GetUp has played a major role, with a campaign promoting McGorry’s call for radical reform, particularly in relation to youth mental health, arguing that early intervention should be the norm. Many Australians have enthusiastically responded, donating money, signing a petition, and sending faxes to politicians.

A further impetus came when Adjunct Professor John Mendoza dramatically resigned as Chair of the National Advisory Council on Mental Health (or, as he terms it, “head advisor to the Rudd Government on mental health”) and joined the GetUp campaign. Mendoza endorses many of McGorry’s demands, including a national rollout of headspace youth mental health centres and the Early Psychosis Prevention and Intervention Centre (EPPIC).

McGorry and Mendoza are adept at capturing media attention, using emotive statistics and feel-good messages as powerful soundbites. However, few people seem to have critically examined their claims, which have been widely accepted at face value.

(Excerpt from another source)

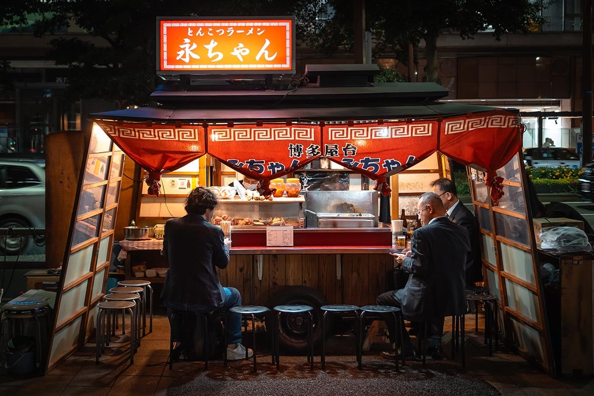Wij reisden van Kurashiki via Okayama met de shinkansen naar Fukuoka. Binnen twee uur kwamen we aan op het enorme treinstation JR Hakata. Fukuoka heeft 1,6 miljoen inwoners en is een stad die je steeds leuker gaat vinden naarmate je er langer bent. Er zijn verschillende tempels om te bezoeken, er is een strand, hippe winkels en een zeer levendige eetcultuur. Rond zonsondergang worden op verschillende plekken eetstalletjes, yatai, geopend en hier eet je zij aan zij met de locals onder andere de beroemde hakata ramen. Fukuoka voelt niet toeristisch aan en je ziet hier hoe het leven er in een gewone grote Japanse stad aan toegaat. In dit artikel over Fukuoka lees je al mijn tips.

We have examined several claims, and found them seriously problematic. Not only is there a high degree of spin in the rhetoric but also there is misrepresentation of evidence.

Two claims are analysed here. In each case the evidence cited to justify the claim, although relevant, does not support it, and other evidence challenges the validity of the claim.

Claim: One third of Australian suicide cases had been discharged inappropriately

According to Mendoza, more than a third of Australians who kill themselves had been discharged too early or without care from hospitals. This claim has been publicised by GetUp on its website and in emails from Mendoza about his resignation distributed to GetUp members.

Mendoza has confirmed to one of us (JJ) that the basis is the 2007 New South Wales Tracking Tragedy report. The introduction of that report does refer to “a third of suicides”:

Other systematic reviews of suicide and previous work of this Committee suggest that around a third of suicides may realistically have been preventible [sic] with more optimal care.

However, the report does not support Mendoza’s claim, because it focuses specifically on 113 cases of suicide by people receiving treatment for depression in community mental health settings, not on suicides in the general population. It is tragic that approximately 38 suicides might have been prevented, but this number is hundreds less than one-third of the 1,776 suicides in the NSW population in that period (2003-2005 inclusive). Furthermore, only 14 (12 per cent) of the 113 people had been discharged (figure 1, p34), appropriately or otherwise.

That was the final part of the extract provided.